— Эй, ты чего это надумал? — раздался голос старшего.
— Да ведь уже двенадцать, — отозвался рулевой. — Может, взрыв услышим.
Все прислушались — катер уже не двигался вперед, а лишь покачивался на месте, мелкие волны блестящими осколками плескались о борта, перешептывались, — но с простора под раскаленным туманным небом не донеслось ни звука, даже воздух не задрожал; долгие секунды слились в минуту, она завершила собой час, и полдень кончился.
— Поехали.
Мотор снова затарахтел, катер начал набирать скорость. Старший прошел на корму и, держа в руке ключ, наклонился над каторжником.
— Теперь уж хочешь не хочешь, а должен будешь вести себя, как положено, — сказал он, отмыкая наручники, а потом и кандалы. — Понял?
— Да.
Они плыли дальше; вскоре берега исчезли вовсе, катер шел теперь словно по небольшому морю. Руки и ноги у каторжника были свободны, но он все так же лежал на спине, зажав в кулаке конец намотанной на запястье веревки; иногда он поворачивал голову и поглядывал назад, на свою лодку, которая, виляя и подскакивая, тащилась за катером; а иногда смотрел даже вперед, окидывая взглядом озеро — лицо у него оставалось мрачным, застывшим, двигались только глаза, — и думал: Никогда еще я не видел такой необъятности, такой огромной водяной пустыни, — хотя, наверно, нет, он так не думал; а еще часа через три-четыре вновь проступившая береговая линия опять поползла вверх и, расколовшись на части, превратилась в скопище парусников, моторок, паровых суденышек, и тогда он подумал: Я себе даже не представлял, что на свете так много кораблей, даже не знал, что их столько, самых разных, — впрочем, скорее всего он опять же ничего такого не думал, а просто наблюдал, как катер втискивается в узкий канал, за которым низко висел городской дым; потом вдруг открылась гавань, и катер сбавил ход; люди, молчаливой толпой стоявшие на причале, смотрели на катер со скорбным равнодушием — каторжнику оно было уже знакомо, и что это за люди, он тоже понял сразу, хотя, когда проплывал через Виксберг, ничего не видел, — все они несли на себе печать неприкаянности, по которой безошибочно узнаешь бездомных, и сам он был помечен этим клеймом еще более жестоко, хотя никому не позволил бы причислить себя к их племени.

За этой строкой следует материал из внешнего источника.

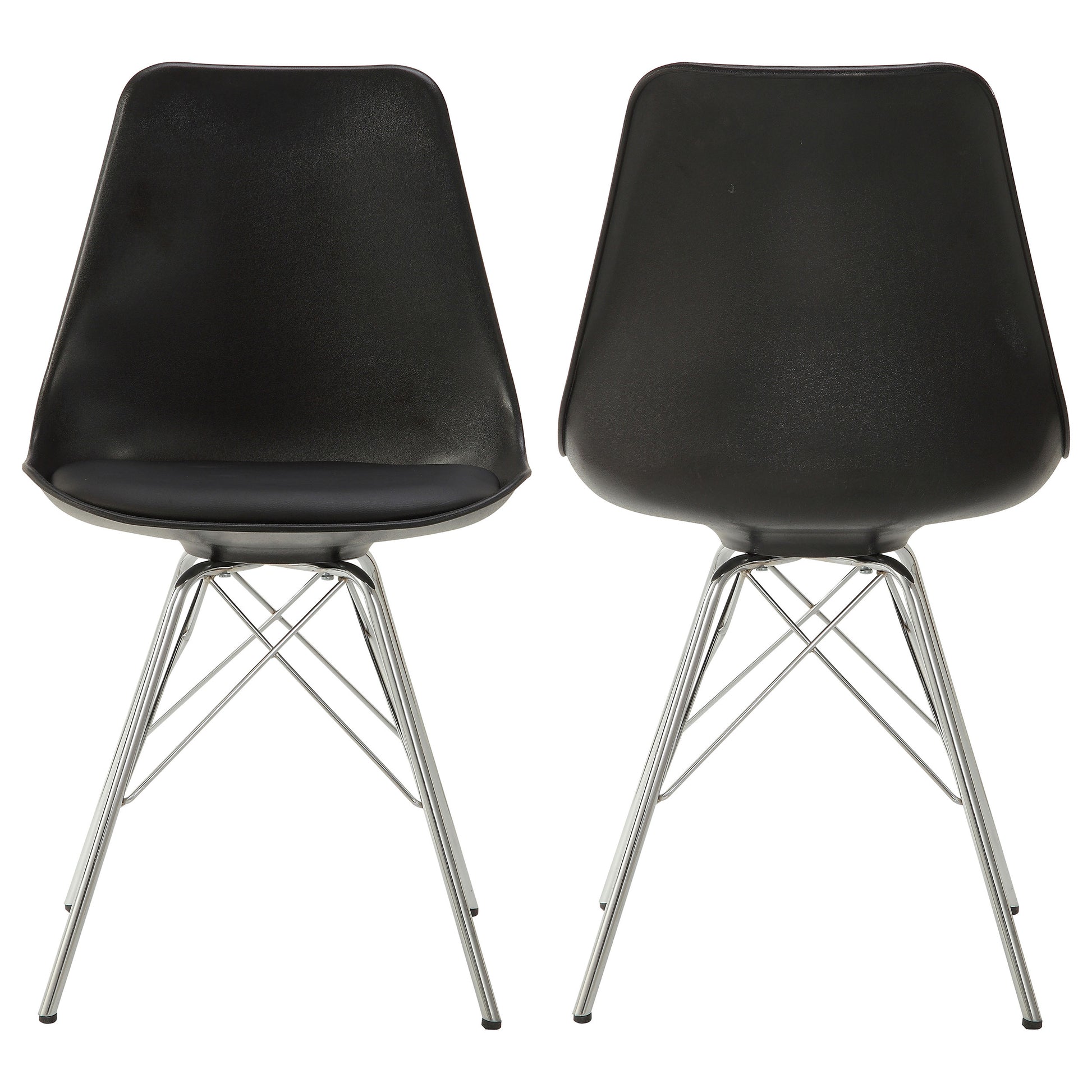 • Chrome electroplated metal Eiffel-style legs add modern angular design and stability

— Вот и все, — сказал ему старший. — Приехали.
— А лодка?
— Здесь она, цела. Чего ты от меня хочешь? Может, еще и расписку выдать?
— Нет, — сказал каторжник. — Только лодку.
— Ну так бери ее. Тебе, правда, не мешало бы найти сначала какие-либо ремни, а то как ты ее потащишь?
(— Что значит «как потащишь»? — удивился толстый. — Зачем тащить-то? Куда бы ты ее потащил?)
Он рассказал и про то, что было дальше: как он с женщиной сошел с катера, и как один из тех пятерых помог ему подтянуть лодку ближе к берегу, и как он стоял там, держал намотанный на руку конец веревки, а тот мужик все суетился, кричал: «Так, хорошо. Грузим дальше! Грузим дальше!» — и как он объяснил ему про лодку, а мужик заорал: «Лодка? Какая лодка?» — и как он пошел вместе с ними, и как они перенесли лодку и поставили ее на деревянный настил рядом с другими лодками, и как он, чтобы потом быстро ее отыскать, засек две приметы: рекламу кока-колы и горбатые мостки, и как его и женщину (сверток он нес теперь сам) загнали вместе с другими в грузовик, а потом грузовик поехал среди потока машин между тесно стоящими домами, и вскоре показалось большое здание, арсенал…
— Арсенал? — переспросил толстый. — Тюрьма, что ли?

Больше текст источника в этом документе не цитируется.